2-8-0 steam locomotive

US Army 101 is a 2-8-0 "Consolidation"-type steam locomotive that was originally operated by the United States Army. It is one of three survivors of the 1,500 General Pershing locomotives built in 1916–1918 for the War Department in World War I. The class was named after General John J. Pershing.

Number 101 went on to see action in three wars — World War I, World War II, and the Korean War. After the Korean War, it was operated by the Korean National Railroad, which designated it 소리2-101 (Sori2).

== History ==

US Army 101 was built for the US Army for use in World War I by Baldwin Locomotive Works in 1918 and was under their ownership until it was donated to Korea in 1947.

In 1953, the 101 was recovered from damaged areas and reconstructed by the Army Transportation Corps, under the direction of Col.

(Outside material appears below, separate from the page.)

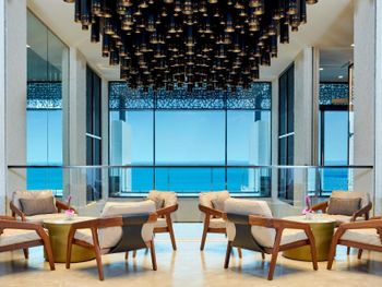 При входе чувствуешь что ты попал в прекрасный отель с современным дизайном, интерьер великолепный. На стойке ресепшена есть даже русскоговорящие менеджеры. Мне попался англоговорящий Тендай , не смотря на мой плохой Английский мы поняли друг друга . Он любезно все подробно рассказал, все услуги предложил ( в других отелях не так), и сделали мне скидку на услуги. Персонал во всем отеле дружелюбный, услужливый, все улыбаются, чувствуешь что тебе тут рады. Номер большой чистый . В отеле везде чистота. Кровать удобная, подушки двух типов мягкая и чуть плотнее. В ванной крем, шампунь, кондиционер в больших дозаторах, приятно пахнет. В отеле и номере температура комфортная, в других мерзла. Завтраки , и ужины вкусные, очень большой выбор ( особенно мяса) . Даже десерты вкусные. На ужине имеется мороженое. Пляж чистый, шезлонгов хватает. И это единственный ( из посещенных мною )где я чувствовала себя на море, вода прозрачная ( у других мутная). На пляже разносят воду ,сок. После поехала в Хилтон на перле и Шератон , сравнить ( и очень пожалела что уехала от сюда) и теперь точно могу сказать что это лучший отель ! В Хилтоне это не про пляж и море, завтраки намного меньше блюд. Да и персонал рылся в моем чемодане( застала). А в Шератоне мерзну, не вкусно, шумно, персонал не приветлив.

George Simpson. It was soon discovered that 101 was still property of the Korean Republic. Col. George Simpson, Harold T.I. Shannon, and Harold E. Fuller started talks with the Korean Republic about donating the engine to the National Railroad Museum.

In 1958, Korean Republic President Syngman Rhee donated the locomotive as a gift from the Korean people. On May 30, 1959, General Pershing was presented with a Certificate of Service from the Secretary of the Army.

It is one of only three surviving Pershing Class locomotives, the others being the Southern Pine Lumber Company No. 28 (or Texas State Railroad No. 300) and the CFR locomotive No. 140 117 in Romania.